Furlong adds, “The idea of forming a structure and governance for the HK Polo Team is the first step in this initiative, and the success we have had so far is a reflection of the positive impact it has had in the polo community of Hong Kong and the region.” He’s surprised to see such initiatives have not been done properly before since polo players have been here already.

“There have been instances where players of Hong Kong teamed up for club tournaments around the region and in Europe before, forming teams with two Hong Kong players and other professional players or non Hong Kong players,” reveals the team’s coach. Furlong adds, “The difference with this initiative and its appeal to players is that it gathers Hong Kong players that had the dream of playing together under the banner of Hong Kong with a structure and support that was not there before.”

The team has played a friendly game recently in Pattaya, Thailand. Proper games are next, possibly a snow polo match in Tianjin, China or other competitions at the Singapore Polo Club, the Korean Polo Country Club and more.

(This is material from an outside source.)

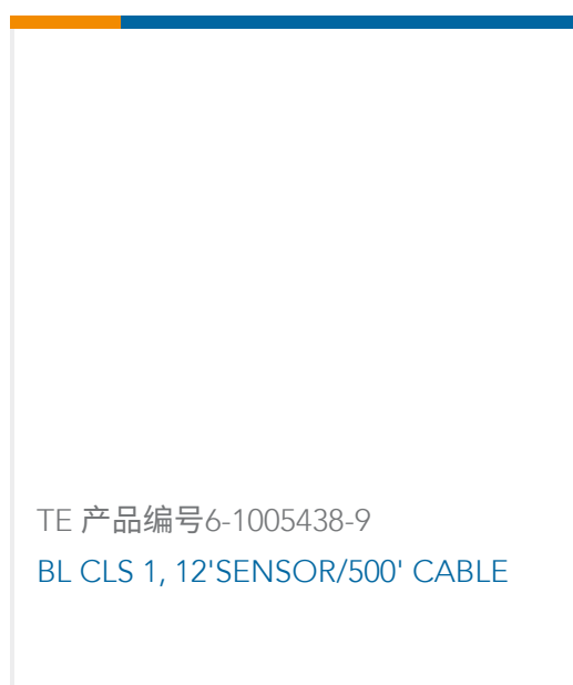
TE 产品编号6-1005438-9 BL CLS 1, 12'SENSOR/500' CABLE

It’s been decades since the existence of a competitive homegrown team, says Savage. The last time the sport was played on local soil was under British rule. Whilst reviving the scene here, Savage hopes to shed its elitist connotations that stem from the sport’s earlier incarnations centuries ago. Nowadays there are no restrictions to break into the sport he says. “If you’re excited and interested about playing polo, you are able to participate in the sport. Our mission is to make it a sport for all.”
Savage envisions grand plans for the venue. “Further down the road, the intention is try to bring some events into Hong Kong and find sponsors to help achieve that.” His ambition is to host international events at the club to show the world how good the city is at playing and showcasing polo.